Neri's six previous books have been especially successful, he says, with "reluctant readers" — boys and minorities. "Librarians all over tell me Yummy and Ghetto Cowboy are their most stolen books. They get passed around. I like to think of it as an Underground Railroad of books."
Neri's own heritage is Creole, Filipino and Mexican. That mix, he writes on his website, is "a great example of globalization. The Mexican side covers the Hispanic countries, Filipino represents Asia, Creole covers Europe, Africa and North America."
He didn't set out to write for reluctant readers, he says, but having struck a chord with them he now aims to engage them in any way he can. "As much as I try to inspire kids, I get much more from them."
Neri spends a week or two every month visiting schools — "Sometimes I do three in one day" — and, during an interview, takes a break to do a Skype chat about Yummy with a graphic novel book club at a high school in Virginia. When the kids ask how he deals with writer's block, he tells them, "Mowing the lawn is great!"
Neri feels a book is most successful when it reaches all kinds of readers on the level of emotional identification. "I want them to see any of these characters as humans, not as" — he makes a two-handed gesture of pushing something aside — "that."

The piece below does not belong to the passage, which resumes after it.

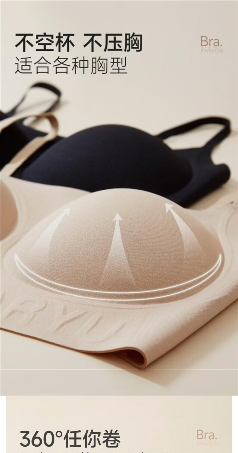 DAPHNE达芙妮【M】无痕内衣女小胸聚拢无钢圈调整型光面上托一片式 【固定杯】黑色【有字母没字母随发】 L(建议100-120斤)

One school visit last year took him to a town in Russia to talk about Ghetto Cowboy, set in inner-city Philadelphia. "This was almost to Siberia. I mean, it's the whitest place on earth. The kids ski to school." He was not at all sure the students would understand the book, but, he says, "the minute I walked in it was an epiphany. They were exactly like all the other kids I talk to. I could see it in their eyes."
At the back of Tru & Nelle, after the novel, readers will find several short stories written in first person, some as told by Tru, some by Nelle, all of them hinting at the authors the two would become as adults.
"I think of them as DVD extras," Neri says. "I had so much left over from the research."
When they were kids, Lee and Capote shared an old typewriter, taking turns dictating and typing. "They used to write these stories and store them in a trunk under Truman's bed," Neri says. "Supposedly his mother, in a rage one day, burned them all.
"These are my imaginary versions of those stories."